I had to think hard for a moment. It was a name, and he was dead. I knew that. Phoenician? Assyrian? No, wait a minute— Babylon. “The guy with the code of laws?”

“Right!” She was pleased with me. Very pleased. “I was an anthropology student. Got my bachelor’s degree in cultural anthro. Archaeology. But I didn’t know what to do with it. I had gotten interested in Hammurabi’s code, realized maybe that law…” She shrugged. “Anyway, I came at it sideways.”

“Archaeology,” I said, eating some more enchilada. “I used to read a little ancient history now and then. You haven’t been formally introduced to my cats, have you?”

She laughed. “Not formally, no. Why?”

“Their names are Tigris and Euphrates.”

After that, I was sure she was giving me the edge over the cashier.

– 15 –

The next morning I got right down to business, calling Mrs. Noah to ask if it would be convenient for me to stop by. I wanted, I told her, to drop off some of the papers I’d taken from her husband’s office.

“Did you learn anything from them?”

“Not much so far.” That was true. I’d noticed that the man was rich, which I’d already figured out, and that he had indeed pledged the quarter of a million to the arks. I also learned that he’d been largely responsible for the funds that had gotten the arks started, as well. There were the lists of ark-people, but I thought I should go over those with Arnold at some point, to see if he could come up with anyone who might have been interested in doing the leader in. There was also a list, a very short list, of people who had donated various small sums to the construction: Beatrice, Arnold, and Joe Durell. I noticed that neither Jerry Pincus, Noah’s Tahoe partner, nor Bert Olson, his mechanic, was on either list.

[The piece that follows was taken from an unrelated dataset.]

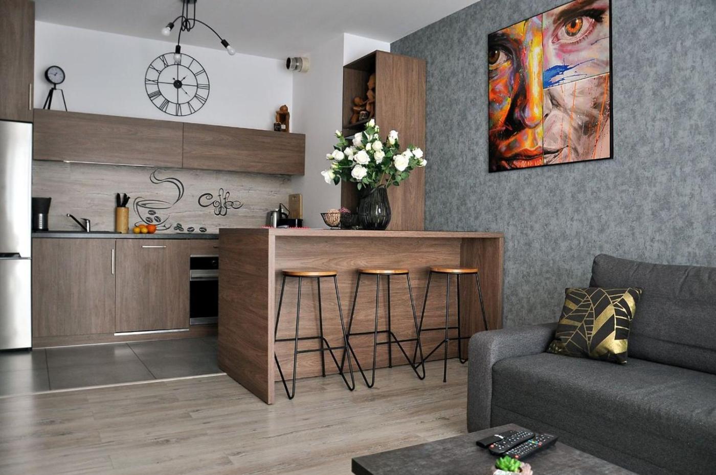 Kuchnia w apartamencie jest w pełni wyposażona, ze stołem oraz wieloma urządzeniami, takimi jak ekspres do kawy ☕, toster, płyta kuchenna, piekarnik, czajnik elektryczny, pralka, zmywarka, kuchenka mikrofalowa i lodówka. Do dyspozycji Gości są również środki czystości, przybory kuchenne oraz aneks kuchenny.

I kept the file of memos and notes, and some of the personal correspondence I hadn’t had the time— or the inclination— to go through yet.

On my way over to the house, I saw an incredible-looking blond walking down Claremont Avenue, and, unavoidably, thought about the evening before. Lee had shaken my hand at the door and gone home to Petaluma— no surprise there— but she had held my hand a little longer than she’d needed to, and her smile had been a mite on the heavy-lidded side. We said we hoped we’d see each other again soon. I was planning to make sure of it.